Multivariate time-series analysis and diffusion maps

https://doi.org/10.1016/j.sigpro.2015.04.003Get rights and content

Author-Highlights

  • We build a class of Bayesian models to learn the evolving statistics of time series.

  • We construct diffusion maps based on the time-evolving distributional information.

  • The proposed method recovers the underlying process controlling the time series.

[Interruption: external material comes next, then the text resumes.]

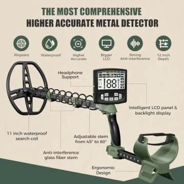 Gbnryg Professional Metal Detector for Adults,Teens[2024 Upgrade]-12" IP68 Waterproof Search Coil with LCD Backlight,5 Modes Gold Detector,Advanced DSP Chip&High Accuracy System for Beach/Gold Hunting
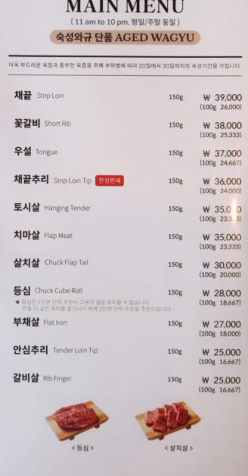 가격이 뭣이 중하랴. 맛만 좋으면 그만이지. 우리야 뭐, 맛만 좋다고 하면 가격 생각 안 하고 먹는 스타일인데, 부모님 시대는 확실히 우리와는 마인드가 다름. 순간 정적이 흘렀지만, 고기를 먹어보는 순간 가격 이슈는 싹 사라지고 대화의 포커싱이 맛으로 쏠렸음.

  • The proposed framework is applied to the analysis of music and icEEG recordings.

Abstract

Dimensionality reduction in multivariate time series analysis has broad applications, ranging from financial data analysis to biomedical research. However, high levels of ambient noise and various interferences result in nonstationary signals, which may lead to inefficient performance of conventional methods. In this paper, we propose a nonlinear dimensionality reduction framework using diffusion maps on a learned statistical manifold, which gives rise to the construction of a low-dimensional representation of the high-dimensional nonstationary time series. We show that diffusion maps, with affinity kernels based on the Kullback–Leibler divergence between the local statistics of samples, allow for efficient approximation of pairwise geodesic distances. To construct the statistical manifold, we estimate time-evolving parametric distributions by designing a family of Bayesian generative models. The proposed framework can be applied to problems in which the time-evolving distributions (of temporally localized data), rather than the samples themselves, are driven by a low-dimensional underlying process. We provide efficient parameter estimation and dimensionality reduction methodologies, and apply them to two applications: music analysis and epileptic-seizure prediction.

Introduction

In the study of high-dimensional data, it is often of interest to embed the high-dimensional observations in a low-dimensional space, where hidden parameters may be discovered, noise suppressed, and interesting and significant structures revealed. Due to high dimensionality and nonlinearity in many real-world applications, nonlinear dimensionality reduction techniques have become increasingly popular [1], [2], [3]. These manifold-learning algorithms build data-driven models, organizing data samples according to local affinities on a low-dimensional manifold. Such methods have broad applications to, for example, analysis of financial data, computer vision, hyperspectral imaging, and biomedical engineering [4], [5], [6].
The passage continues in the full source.